--- Supplied entries Enclosed Below ---

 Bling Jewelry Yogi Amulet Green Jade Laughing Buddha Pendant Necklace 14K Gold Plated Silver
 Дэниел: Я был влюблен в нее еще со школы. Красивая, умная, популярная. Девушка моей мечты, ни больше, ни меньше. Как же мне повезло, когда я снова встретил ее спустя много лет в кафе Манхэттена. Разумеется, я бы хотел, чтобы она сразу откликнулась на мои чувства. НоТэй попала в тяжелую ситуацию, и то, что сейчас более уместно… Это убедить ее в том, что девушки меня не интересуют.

--- End of Enclosed Supplied entries ---
--- Supplied entries Enclosed Below ---

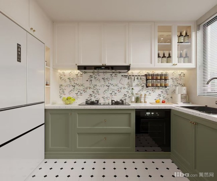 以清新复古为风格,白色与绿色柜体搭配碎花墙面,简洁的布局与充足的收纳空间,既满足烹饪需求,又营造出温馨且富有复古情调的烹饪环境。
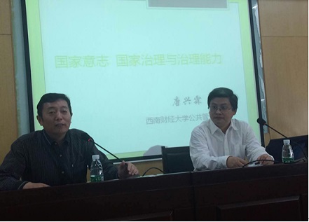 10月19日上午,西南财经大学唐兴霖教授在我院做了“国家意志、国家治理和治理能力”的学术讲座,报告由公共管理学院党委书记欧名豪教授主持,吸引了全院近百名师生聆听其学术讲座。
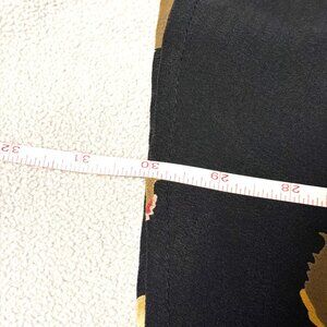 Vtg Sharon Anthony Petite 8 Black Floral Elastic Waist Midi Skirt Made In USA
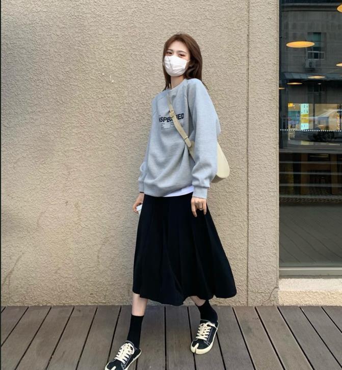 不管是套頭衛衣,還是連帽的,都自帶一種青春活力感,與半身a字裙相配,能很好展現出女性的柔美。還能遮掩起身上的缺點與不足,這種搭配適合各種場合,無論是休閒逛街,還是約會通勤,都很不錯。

--- End of Enclosed Supplied entries ---
--- Supplied entries Enclosed Below ---

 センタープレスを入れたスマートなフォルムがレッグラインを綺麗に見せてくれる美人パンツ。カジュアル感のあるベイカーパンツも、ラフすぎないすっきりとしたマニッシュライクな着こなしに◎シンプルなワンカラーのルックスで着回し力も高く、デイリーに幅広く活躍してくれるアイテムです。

--- End of Enclosed Supplied entries ---

# [Problem to solve]
Using the records above, copy word for word the line with "Bling Jewelry Yogi", the line with "Дэниел: Я был", and every line between them.

# [Expected output]
 Bling Jewelry Yogi Amulet Green Jade Laughing Buddha Pendant Necklace 14K Gold Plated Silver
 Дэниел: Я был влюблен в нее еще со школы. Красивая, умная, популярная. Девушка моей мечты, ни больше, ни меньше. Как же мне повезло, когда я снова встретил ее спустя много лет в кафе Манхэттена. Разумеется, я бы хотел, чтобы она сразу откликнулась на мои чувства. НоТэй попала в тяжелую ситуацию, и то, что сейчас более уместно… Это убедить ее в том, что девушки меня не интересуют.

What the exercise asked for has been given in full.